I say this in the wisdom of hindsight-- at the time, I remember feeling like my dad was disappointed in me because I wasn't as sports-oriented as my brothers. I was a teenager at age 10 and full of angst, fury, and anguish. I stayed home while the rest of my family went to my brother's ball games. Oh, woe, was I.
I grew up. We moved from Texas to Lake Mills Wisconsin the summer before my freshman year of high school. By then, I was determined to be a writer. We moved from Wisconsin to Fredericksburg, Virginia, and I made my debut as a writer in the high school Literary Magazine-- whereupon, I promptly accosted the teacher in charge of the magazine for screwing up my poetry. (She did all these weird indentation things with it-- NOT ACCEPTABLE!)
She took a liking to me, and I became co-editor.
I was also active in theater, both in the community and in high school.
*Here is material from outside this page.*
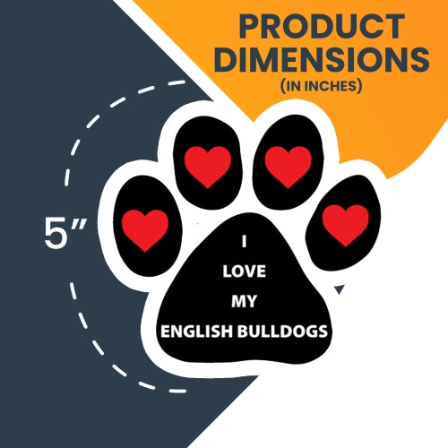 I Love My English Bulldogs Pawprint Car Magnet By Magnet Me Up 5" Paw Print Auto Truck Decal Magnet …

My one really big regret from that period is that, because of my arrogance and perceived slights from the drama coach, I refused to audition for the first musical production my high school had ever done-- which, one cast member later relayed to me, the coach had chosen because he knew I'd be good in the part. Teenagers, BE HUMBLE! Instead of starring as Jason in 'Medea, the Musical,' I was Ko-Ko in 'The Mikado.' Man, I wish I had gone with Medea. . . Our drama coach was one of the most brilliant teachers I've ever met. He was enthusiastic, knowledgeable, and utterly vain. I was such an idiot.
There was another teacher in high school that really impressed me-- Mrs. Mullins. She was the AP English teacher, and she was just as brilliant, enthusiastic and vain as the drama coach. I liked Mrs. Mullins, though. She demanded excellence of us, and inspired it in every class. No one gave Mrs. Mullins any grief-- how could you? She was beyond all that. Her classes were interesting, she told the truth. She was the first person who liked my poetry and who I thought had an actual critical eye.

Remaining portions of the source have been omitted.